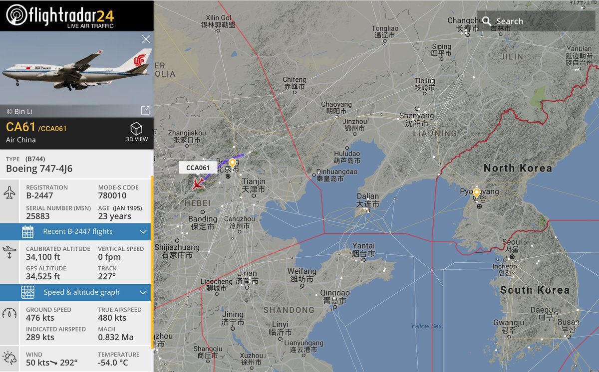Thông tin về chuyến bay được cho là chở theo ông Kim Jong-un tới Singapore, theo ghi nhận của Flightradar24.
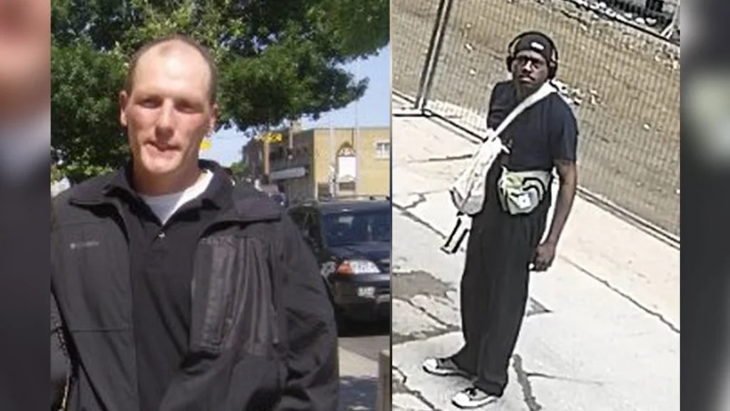 *30대 흑인남성(오른쪽)이 휘두른 칼에 목을 찔려 숨진 50대 남성(왼쪽)
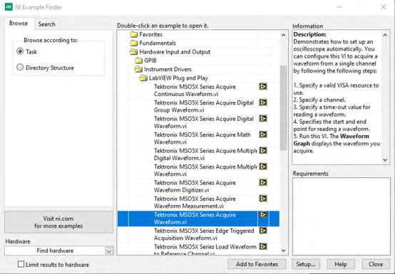 3. From the list of examples, select MSO5X Series Acquire Waveform.vi. Connect the MSO 5 Series oscilloscope through either Ethernet, USB, or GPIB connection.
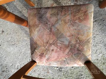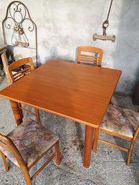tavolo con 4 sedie di cui una da aggiustare sedie un po' tarmate con segni di usura misura chiuso 120 cm ×120 cm aperto 120×cm ×150cm

• AIM OF THE TASK:
Transcribe all the lines above exactly, apart from the pictures.

• ANSWER BOX:
Thông tin về chuyến bay được cho là chở theo ông Kim Jong-un tới Singapore, theo ghi nhận của Flightradar24.
 *30대 흑인남성(오른쪽)이 휘두른 칼에 목을 찔려 숨진 50대 남성(왼쪽)
 3. From the list of examples, select MSO5X Series Acquire Waveform.vi. Connect the MSO 5 Series oscilloscope through either Ethernet, USB, or GPIB connection.
tavolo con 4 sedie di cui una da aggiustare sedie un po' tarmate con segni di usura misura chiuso 120 cm ×120 cm aperto 120×cm ×150cm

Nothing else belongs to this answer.